We all want to look good to the eyes of our superior. There is nothing wrong with that, it is human nature to be self serving. This is a fact of life.
1
To some degrees, I agree with your project manager. Software development goes well beyond coding features. 🙂
Given your situation, I would go to him and explain that his requests are taking 80% of your time, and seek to understand why it is important for him that you spend this time maintaining documentation rather than developing (which goes beyond coding).
FYI, Atlassion, a software company, has a ratio of 13 developers for one QA person and most of the testing (planning and execution) is done by the developers. I learned this during one of their presentations at Agile 2012 and our teams I currently trying to emulate this practice.
However, I would also discuss with your project manager if he would be open to try out Scrum as a methodology to help move the whole team forward. Given your description, I don’t think you are using Scrum.
Like you, I was extremely frustrated at maintaining plans that were constantly changing and a Scrum lightweight approach helped me overcome this frustration.
3
The most performant teams in my experience were those that faced the least amount of process necessary to do their work. At some point additional process starts taking away quality from the product. If QA starts to miss bugs because they are more concerned with getting paperwork out of the way, and DEV isn’t coding features or fixing bugs because they are writing documentation then you have a problem. However, figuring out of if this is actually the case in your company is a highly localized question that only people on your team can answer (not us).
There is one thing that your boss is very wrong about, and that is the fact that you have so little QA and no unit tests. A bug created by adeveloper is by definition an oversight on their part. Expecting developers to always test their own features and having little testing aside from that is a process problem. QA can be replaced by automated testing depending on your domain to an extent, but if you have neither then you’re probably letting bugs slip through (and that usually ends up costing more than finding them early).

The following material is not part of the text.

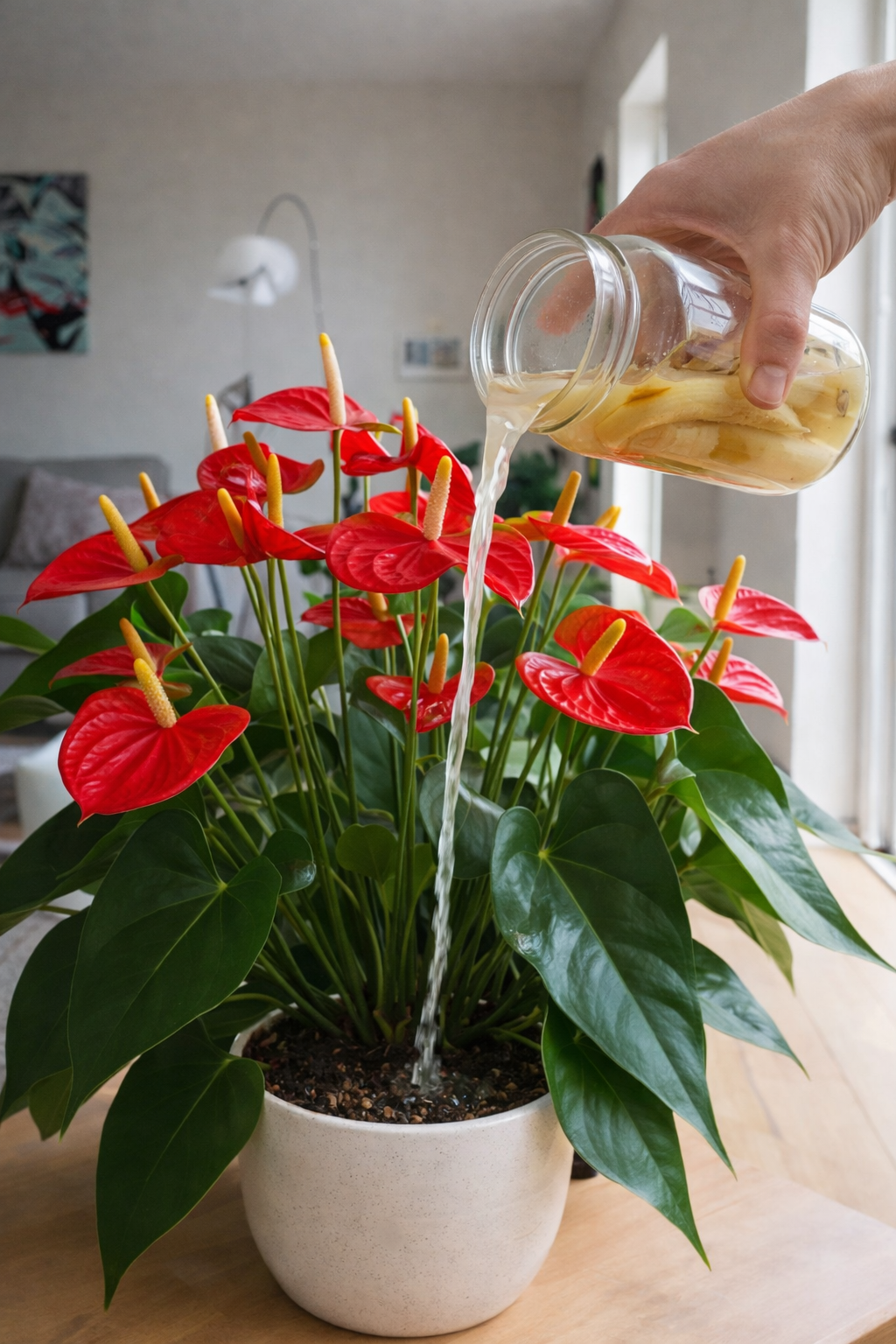 This article explains how banana peel water works, how to prepare it properly, and how to use it safely on anthuriums, while keeping your plant and interior environment in perfect condition.

Also, from a strict business perspective, hiring QA is cheaper than hiring developers. You will be able to cover more ground for the money spent if the teams have a good QA/DEV ratio.
4
The CMMI implementations I’ve seen or directly heard about have all been process and documentation heavy; your bosses belief that the documentation should be detailed enough to make the implementation trivial strongly implies that his expectation is similar.
If you’re receiving a disproportionate share of the documentation writing/maintenance, asking that it be more evenly distributed is reasonable. If the other developers have similar documentation to coding ratios and you want to spend most of your time writing code; it may be time to consider finding a new employer.
5
You’re talking about medical systems… so safety is paramount – and therefore the documentation (specifically traceability) is essential.
One tester seems a bit light, but other than that, yes – you are responsible for ensuring the documentation is in place.
My experience in the medical world is limited, but over in the aerospace/defence world we have Do-178B (now C) which prescribes a lifecycle model that specifies the documentation and level of testing necessary (depending on the safety criticality [more specifically, the design assurance level] of the software), and in the automotive world we have ISO26262 which does likewise.
If the documentation is not in place, the product doesn’t get certificated.
But the important thing is to work with the required documentation to make your product better… do not try and reverse-engineer the documentation as an after-thought because then it serves no real-world purpose.